[Entries taken from a collection]
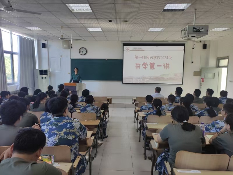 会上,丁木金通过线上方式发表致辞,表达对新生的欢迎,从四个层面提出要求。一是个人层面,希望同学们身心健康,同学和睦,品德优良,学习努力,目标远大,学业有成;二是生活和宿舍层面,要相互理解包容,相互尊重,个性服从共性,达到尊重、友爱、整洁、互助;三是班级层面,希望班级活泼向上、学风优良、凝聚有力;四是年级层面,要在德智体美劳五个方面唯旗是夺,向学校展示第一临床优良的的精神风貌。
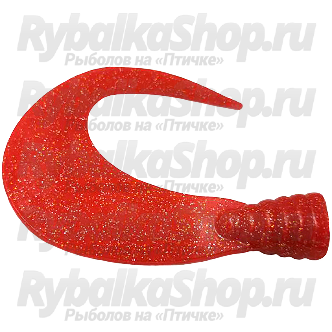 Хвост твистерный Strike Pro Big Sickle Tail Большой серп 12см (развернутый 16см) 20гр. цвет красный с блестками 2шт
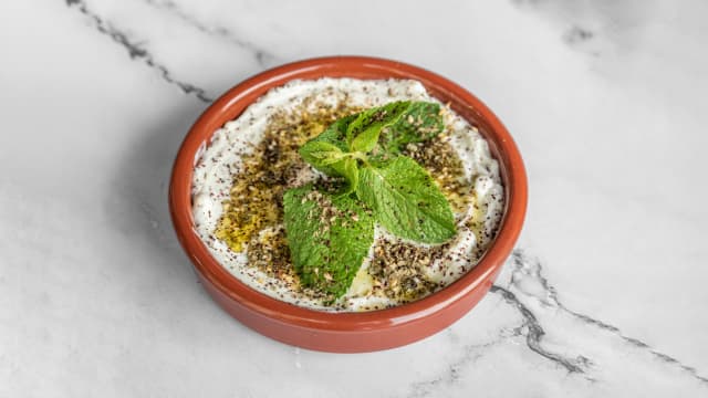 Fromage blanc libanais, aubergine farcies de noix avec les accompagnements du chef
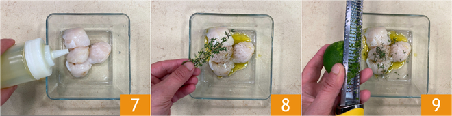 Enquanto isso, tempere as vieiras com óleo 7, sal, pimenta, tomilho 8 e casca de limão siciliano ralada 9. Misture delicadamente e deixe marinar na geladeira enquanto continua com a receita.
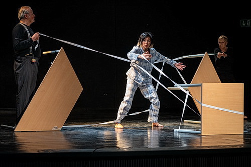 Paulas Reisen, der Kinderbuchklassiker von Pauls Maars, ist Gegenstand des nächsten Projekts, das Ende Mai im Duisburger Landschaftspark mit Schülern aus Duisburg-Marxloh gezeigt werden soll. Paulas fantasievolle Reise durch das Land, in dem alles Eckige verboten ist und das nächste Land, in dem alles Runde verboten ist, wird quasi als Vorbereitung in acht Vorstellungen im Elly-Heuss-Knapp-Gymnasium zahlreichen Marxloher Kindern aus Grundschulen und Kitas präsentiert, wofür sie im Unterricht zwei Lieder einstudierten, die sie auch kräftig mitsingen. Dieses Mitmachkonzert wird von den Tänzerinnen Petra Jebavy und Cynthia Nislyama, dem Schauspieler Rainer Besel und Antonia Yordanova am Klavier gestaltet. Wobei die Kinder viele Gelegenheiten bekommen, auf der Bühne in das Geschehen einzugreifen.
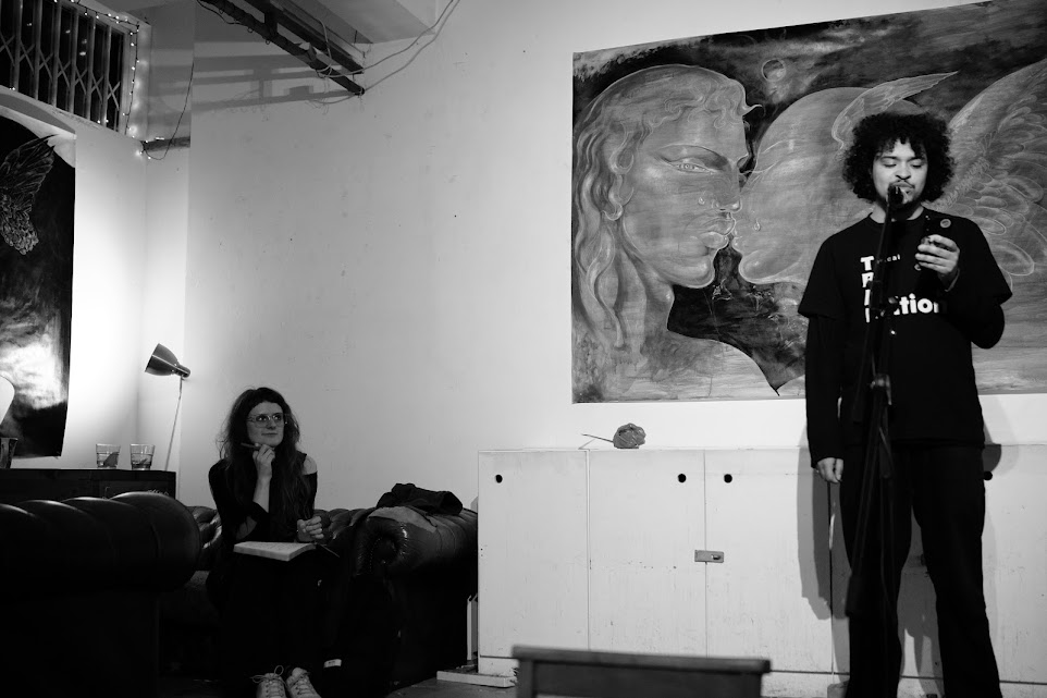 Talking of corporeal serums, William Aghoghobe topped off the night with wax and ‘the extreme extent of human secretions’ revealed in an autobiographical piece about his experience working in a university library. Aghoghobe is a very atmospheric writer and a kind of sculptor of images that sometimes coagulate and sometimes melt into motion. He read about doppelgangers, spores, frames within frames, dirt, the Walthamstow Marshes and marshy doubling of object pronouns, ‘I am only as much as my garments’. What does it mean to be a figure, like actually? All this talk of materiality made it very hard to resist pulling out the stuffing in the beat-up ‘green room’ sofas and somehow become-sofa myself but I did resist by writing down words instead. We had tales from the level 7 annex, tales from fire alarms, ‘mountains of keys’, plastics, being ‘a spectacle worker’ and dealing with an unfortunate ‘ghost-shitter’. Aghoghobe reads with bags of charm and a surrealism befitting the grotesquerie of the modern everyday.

Directions
What is needed is an exact copy of the lines above from the one with "Хвост твистерный Strike" to the one with "Paulas Reisen, der", both ends kept, and nothing more; please leave the pictures out.

Answer to this exercise
 Хвост твистерный Strike Pro Big Sickle Tail Большой серп 12см (развернутый 16см) 20гр. цвет красный с блестками 2шт
 Fromage blanc libanais, aubergine farcies de noix avec les accompagnements du chef
 Enquanto isso, tempere as vieiras com óleo 7, sal, pimenta, tomilho 8 e casca de limão siciliano ralada 9. Misture delicadamente e deixe marinar na geladeira enquanto continua com a receita.
 Paulas Reisen, der Kinderbuchklassiker von Pauls Maars, ist Gegenstand des nächsten Projekts, das Ende Mai im Duisburger Landschaftspark mit Schülern aus Duisburg-Marxloh gezeigt werden soll. Paulas fantasievolle Reise durch das Land, in dem alles Eckige verboten ist und das nächste Land, in dem alles Runde verboten ist, wird quasi als Vorbereitung in acht Vorstellungen im Elly-Heuss-Knapp-Gymnasium zahlreichen Marxloher Kindern aus Grundschulen und Kitas präsentiert, wofür sie im Unterricht zwei Lieder einstudierten, die sie auch kräftig mitsingen. Dieses Mitmachkonzert wird von den Tänzerinnen Petra Jebavy und Cynthia Nislyama, dem Schauspieler Rainer Besel und Antonia Yordanova am Klavier gestaltet. Wobei die Kinder viele Gelegenheiten bekommen, auf der Bühne in das Geschehen einzugreifen.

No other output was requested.